WORK INSTRUCTIONS — Write the data below out exactly as it stands. Do not include the pictures.

GIVEN MATERIAL —
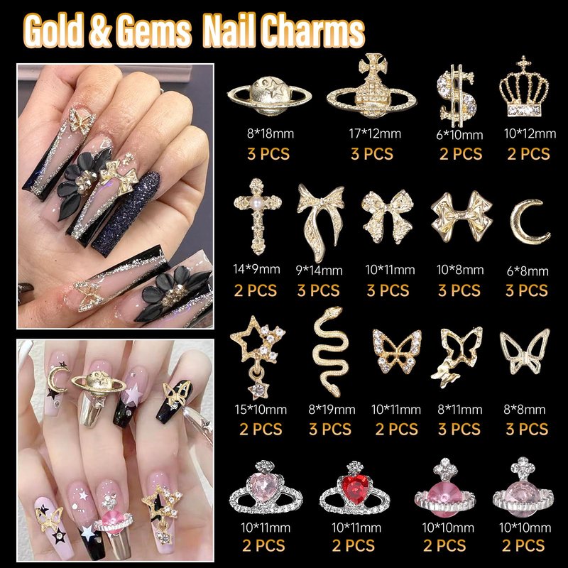 - Workmanship Aspect: The nail charms are made of high-quality alloy and rhinestones, silver and gold nail gems charms grain clarity, not easy to fade. You can apply these sparkling nail charms to decorate your nails
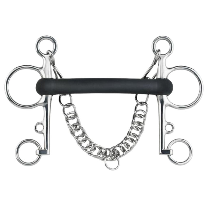 A flexible rubber pelham with stainless steel cable prevents the bit from being bitten through.
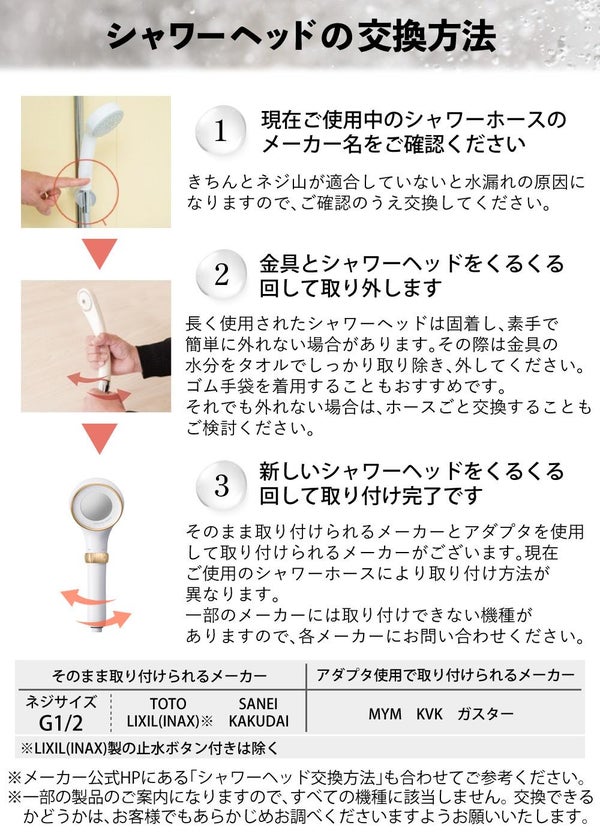 ・現在ご使用のシャワーホースにより取り付け方法が異なります。
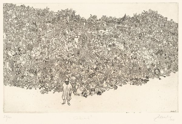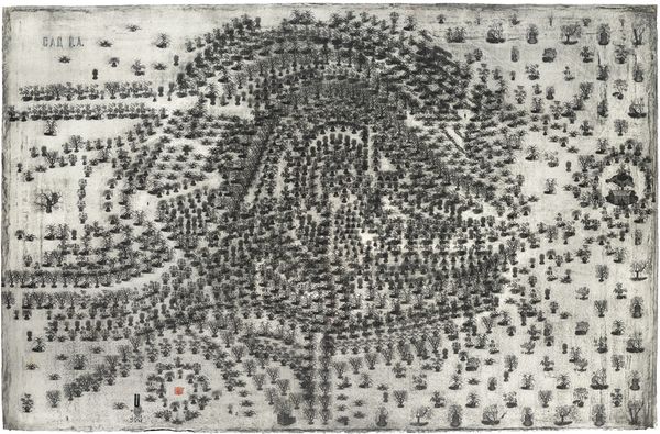Curator: Pavlo Makov's "A.I. Garden," created in 2017, is a fascinating pen and ink drawing that seems to be charting something...a topography perhaps. Editor: Yes, it has a deeply cartographic feel, almost like an obsessive rendering of an overgrown landscape. I find the heavy linework strangely compelling—it evokes a sense of both precision and chaos. What’s your immediate reaction? Curator: Oh, chaos absolutely! I feel delightfully lost just gazing at this hill—a wonderfully orchestrated muddle. Is it me or does anyone else perceive the title's ambiguity about who is growing what and for whom? Editor: Right? "A.I. Garden"— the very title throws open questions about control, organic growth versus simulated development, even ecological disaster or rebirth. This intersection is the core of my interest: nature mediated through tech, or maybe superseded? The lines themselves are interesting, are they roots or network cables? Curator: Perhaps that's the beauty; those rigid lines amidst all that organic 'sketchiness' forces one to pause. We might ask ourselves: can artificial intelligence, like a meticulous gardener, shape nature's boundless energy into something more...comprehensible? Or maybe more controllable. Editor: Definitely controllable, or even weaponized. If we accept this "garden" as a representation of controlled spaces – politically, ecologically – how are we implicated? The artist isn't simply showing us something aesthetic; it's asking what kind of "garden" are we cultivating ourselves? Curator: Gosh, that is such a rich interpretation. It takes on almost prophetic significance given the environmental and digital dilemmas of today. I look at the drawing and start questioning who's wielding the pen—or, algorithm in this case? Are we all just seedlings in some tech giant's controlled ecosystem? Editor: It really begs this question, doesn’t it? And maybe, the sketchiness is less imperfection and more a representation of the limits of even the most advanced control systems. There's a lovely push and pull at play... Curator: Yes, the more I linger, the less I see chaos and the more I admire its peculiar harmony. Maybe the artificial and the organic aren't opposites at all, but just different facets of the same blooming conundrum. Thank you for digging a bit deeper!

WRITTEN RESPONSE —
 - Workmanship Aspect: The nail charms are made of high-quality alloy and rhinestones, silver and gold nail gems charms grain clarity, not easy to fade. You can apply these sparkling nail charms to decorate your nails
 A flexible rubber pelham with stainless steel cable prevents the bit from being bitten through.
 ・現在ご使用のシャワーホースにより取り付け方法が異なります。
Curator: Pavlo Makov's "A.I. Garden," created in 2017, is a fascinating pen and ink drawing that seems to be charting something...a topography perhaps. Editor: Yes, it has a deeply cartographic feel, almost like an obsessive rendering of an overgrown landscape. I find the heavy linework strangely compelling—it evokes a sense of both precision and chaos. What’s your immediate reaction? Curator: Oh, chaos absolutely! I feel delightfully lost just gazing at this hill—a wonderfully orchestrated muddle. Is it me or does anyone else perceive the title's ambiguity about who is growing what and for whom? Editor: Right? "A.I. Garden"— the very title throws open questions about control, organic growth versus simulated development, even ecological disaster or rebirth. This intersection is the core of my interest: nature mediated through tech, or maybe superseded? The lines themselves are interesting, are they roots or network cables? Curator: Perhaps that's the beauty; those rigid lines amidst all that organic 'sketchiness' forces one to pause. We might ask ourselves: can artificial intelligence, like a meticulous gardener, shape nature's boundless energy into something more...comprehensible? Or maybe more controllable. Editor: Definitely controllable, or even weaponized. If we accept this "garden" as a representation of controlled spaces – politically, ecologically – how are we implicated? The artist isn't simply showing us something aesthetic; it's asking what kind of "garden" are we cultivating ourselves? Curator: Gosh, that is such a rich interpretation. It takes on almost prophetic significance given the environmental and digital dilemmas of today. I look at the drawing and start questioning who's wielding the pen—or, algorithm in this case? Are we all just seedlings in some tech giant's controlled ecosystem? Editor: It really begs this question, doesn’t it? And maybe, the sketchiness is less imperfection and more a representation of the limits of even the most advanced control systems. There's a lovely push and pull at play... Curator: Yes, the more I linger, the less I see chaos and the more I admire its peculiar harmony. Maybe the artificial and the organic aren't opposites at all, but just different facets of the same blooming conundrum. Thank you for digging a bit deeper!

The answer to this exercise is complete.